WHAT THE EXERCISE ASKS
Using the data below, return word for word every line from the one holding "Magnetic Weekly Planner" down to the one holding "九色 (计算机科学系)2024年5月25日硕士答辩公告(2)". Leave pictures out.

AVAILABLE RECORDS: Begin

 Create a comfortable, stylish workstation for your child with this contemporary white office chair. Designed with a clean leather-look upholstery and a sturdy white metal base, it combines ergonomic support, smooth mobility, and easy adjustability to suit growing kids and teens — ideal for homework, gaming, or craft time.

AVAILABLE RECORDS: End
AVAILABLE RECORDS: Begin

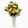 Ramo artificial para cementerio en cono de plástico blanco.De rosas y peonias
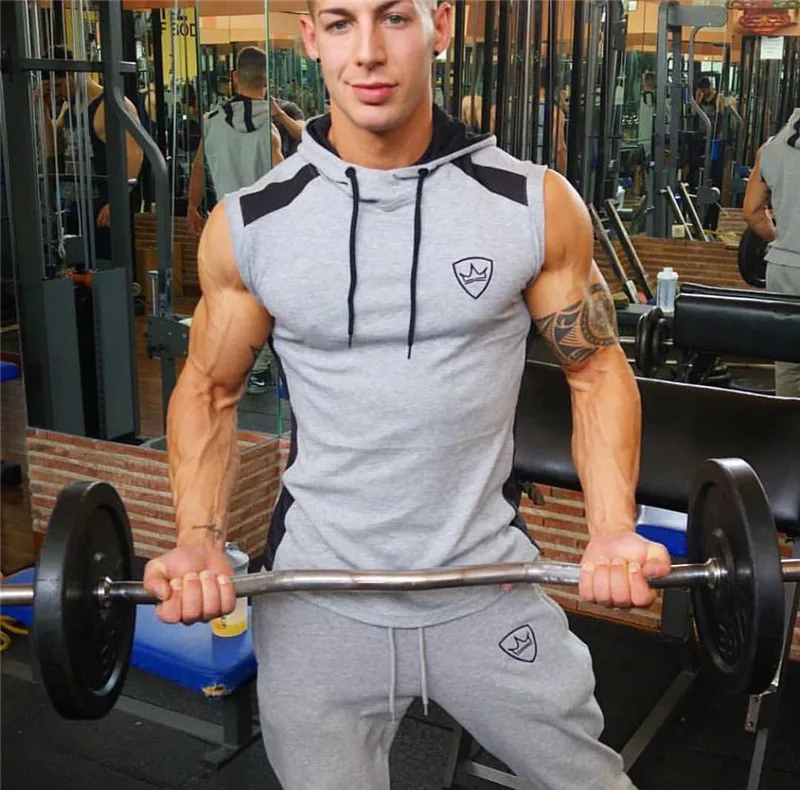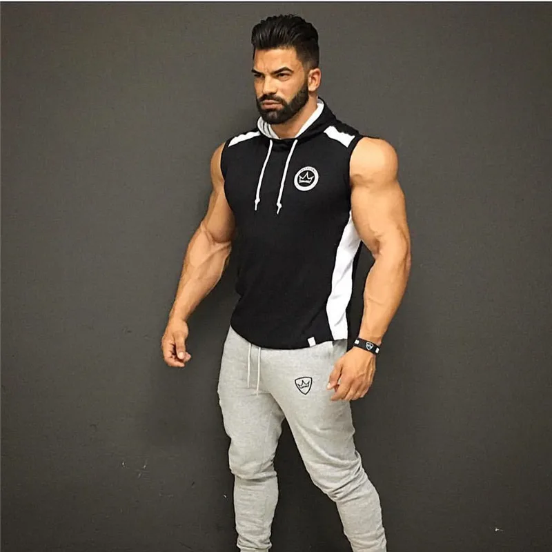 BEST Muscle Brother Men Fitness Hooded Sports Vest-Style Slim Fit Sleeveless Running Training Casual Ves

AVAILABLE RECORDS: End
AVAILABLE RECORDS: Begin

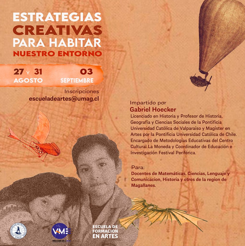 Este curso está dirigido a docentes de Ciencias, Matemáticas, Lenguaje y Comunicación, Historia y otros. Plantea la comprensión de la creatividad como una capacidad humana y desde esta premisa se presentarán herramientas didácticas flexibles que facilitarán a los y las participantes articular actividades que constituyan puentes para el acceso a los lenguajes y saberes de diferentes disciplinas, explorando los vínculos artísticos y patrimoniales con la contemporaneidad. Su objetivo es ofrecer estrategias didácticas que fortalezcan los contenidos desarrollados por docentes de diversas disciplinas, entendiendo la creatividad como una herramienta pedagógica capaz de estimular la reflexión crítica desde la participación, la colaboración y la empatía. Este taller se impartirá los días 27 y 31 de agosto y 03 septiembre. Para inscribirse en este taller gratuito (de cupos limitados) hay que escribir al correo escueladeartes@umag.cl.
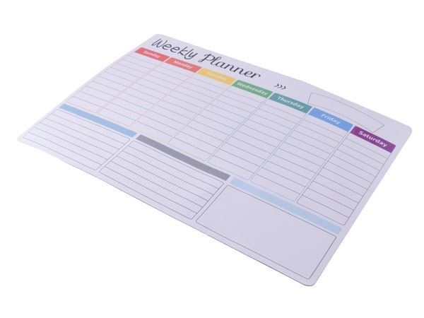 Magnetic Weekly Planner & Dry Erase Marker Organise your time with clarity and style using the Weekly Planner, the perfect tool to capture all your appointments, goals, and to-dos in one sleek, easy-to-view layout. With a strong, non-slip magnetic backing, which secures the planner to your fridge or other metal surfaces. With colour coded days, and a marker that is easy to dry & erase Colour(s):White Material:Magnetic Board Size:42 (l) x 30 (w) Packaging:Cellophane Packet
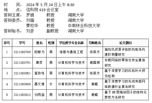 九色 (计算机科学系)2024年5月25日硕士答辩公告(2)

AVAILABLE RECORDS: End

EXERCISE RESPONSE
 Magnetic Weekly Planner & Dry Erase Marker Organise your time with clarity and style using the Weekly Planner, the perfect tool to capture all your appointments, goals, and to-dos in one sleek, easy-to-view layout. With a strong, non-slip magnetic backing, which secures the planner to your fridge or other metal surfaces. With colour coded days, and a marker that is easy to dry & erase Colour(s):White Material:Magnetic Board Size:42 (l) x 30 (w) Packaging:Cellophane Packet
 九色 (计算机科学系)2024年5月25日硕士答辩公告(2)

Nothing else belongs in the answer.